Quizá con eso me pueda dar por bien servido. Pero me gustaría ayudar y creer que ese lugar que siento propio, esa historia llamada Refous, se va a salvar de la desaparición. No sé cómo ni qué en concreto pueda hacer, quizá jugar al Inspector Gadget y, de pronto, algo pasa y se endereza la cosa. No sé. Solo Dios sabe. 

Lo mismo podría decir del tema electoral: que pase lo que sea y decidir sobre ello. Yo seguiré haciendo mi trabajo. Me duele ver los chats y sentir los corazones coléricos, listos para hacer aquello que mi tío Weber nombraba como la usurpación del monopolio del uso de la violencia. La cual conjuro mantener alejada de mi corazón y de mi familia.

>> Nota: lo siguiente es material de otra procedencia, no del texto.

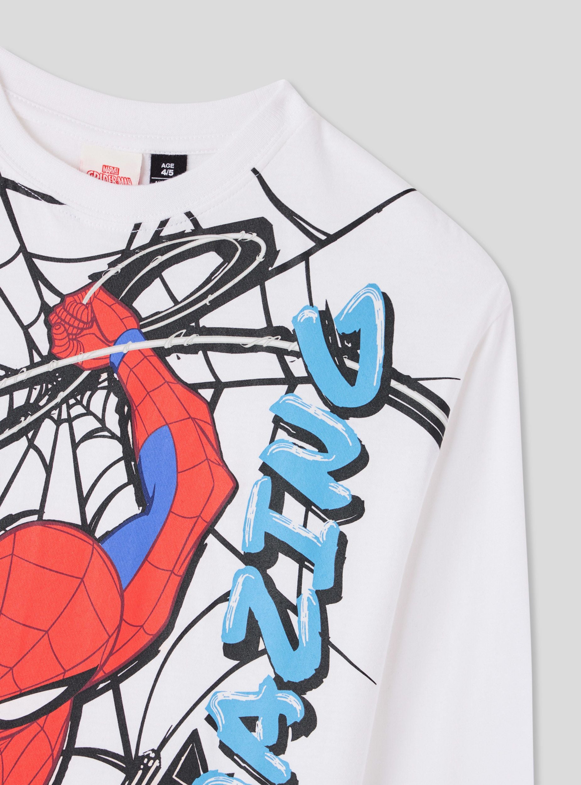 Detské tričko s dlhým rukávom so potlačou Spiderman® a nápisom "Amazing" na prednej strane. Ideálne na voľný čas a školské dni, ľahko sa kombinuje s džínsami alebo športovými nohavicami. Regular strih a okrúhly výstrih zaručujú pohodlie a voľnosť pohybu, zatiaľ čo živá grafika pridáva zábavný prvok k každodennému vzhľadu.Detaily

Pero es natural, diría el doctor Julio Moreno. En el universo todo es natural. Las cosas solo tienen sentido en el mundo de los humanos y su imaginación. Quizá. Tampoco estoy seguro.

En fin, seguiré escribiendo, dejando que la energía derrame la tinta y dibujos inentendibles. Si tiene que ser así, así será, y será divertido, provechoso, virtuoso y, como el calendario ecológico, abundante.

La mirada se pierde y el esfero se detiene. Parece que no quiere expandirse, sino más bien contraerse, semejando una escritura que se hace hacia adentro, scaling in, recogiendo lo ya dicho, acortando el curso del tiempo desde cero hacia atrás.